Summary
Built an edge app that performs GAN inversion and text-conditioned editing directly
on device. It implements
Bridging CLIP and StyleGAN through Latent Alignment to connect language and
vision, keeping identity while applying prompt-guided changes — work that won the
Samsung Next MobileXGenAI Hackathon and was optimized for ~30fps mobile inference.
Deep dive
The pipeline uses MobileStyleNet (a StyleGAN2 distillation) as the
generator. For inversion,
inference is G(f(E_I(x)))
, where a few mapper layers f
remain trainable and
E_I
is an image encoder distilled from OpenCLIP to
EfficientFormer-Large (per the latent-alignment setup in the paper/README).

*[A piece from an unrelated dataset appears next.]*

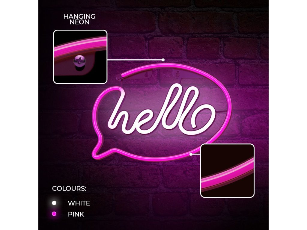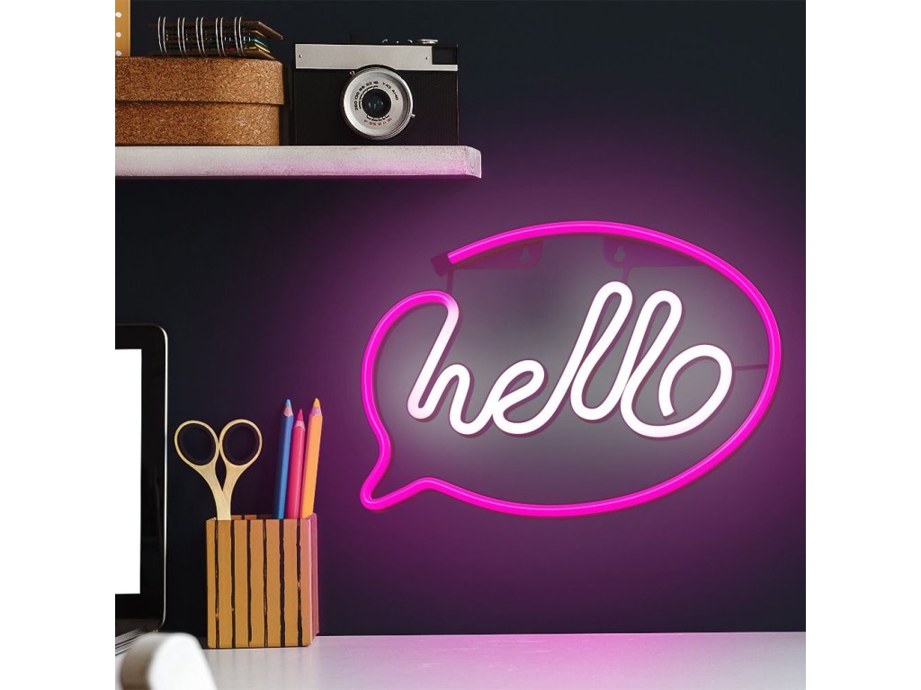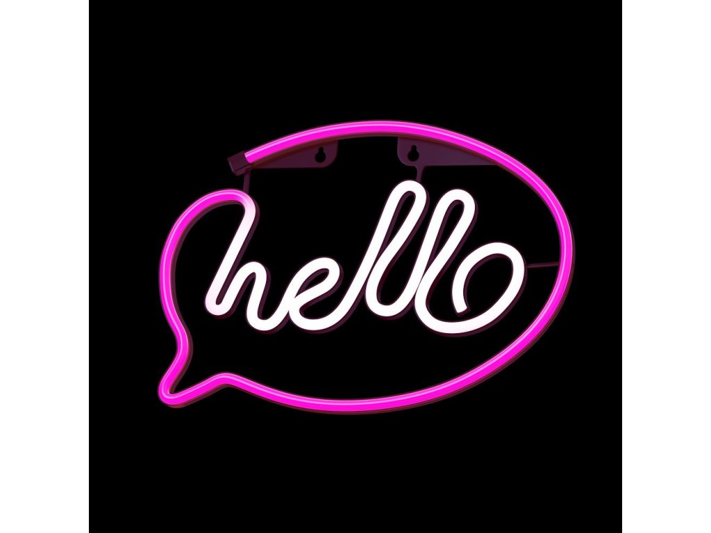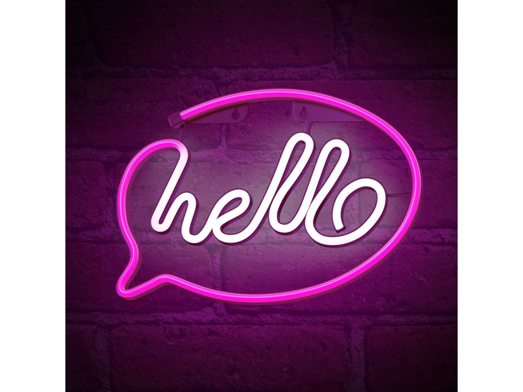 Svetelný nápis Hello je vyrobený z LED imitácie neónu. Svetelná dekorácia ktorá vytvorí vašim hosťom úsmev na tvári, rozjasní každú miestnosť farebným svetlom. Nádherný rozptyl svetla bez viditeľných svetelných bodov. Vďaka pevnému PVC rámu je bezpečne chránený a zároveň jednoducho inštalovateľný na stenu pomocou neviditeľných dier. Vďaka technológii postavenej na LED diódach, sú tieto neóny oveľa spoľahlivejšie a navyše oveľa úspornejšie, ako klasické neóny.

To connect text to the model, a mapper is trained to align CLIP
representations with the
W+ latent: the OpenCLIP text encoder
(E_T
) produces an embedding that the mapper converts into a
ΔW+. Starting from the mean latent (text→image) or from an inverted
latent (image→text manipulation), we add the scaled ΔW+ to drive edits like “blonde
woman with sunglasses,” “man with a hat and beard,” or head-pose changes. In
practice, the right
scale factor C for ΔW+ depends on each (W+, text) pair, so a small
projection layer is trained to predict the optimal C with a CLIP-based
loss, balancing fidelity to the source face and alignment to the prompt. The app
demonstrates strong attribute control (e.g., glasses, hair, pose), while
acknowledging inversion identity limits versus SOTA methods ). Export and mobile
optimizations deliver smooth, on-device performance
(~30fps).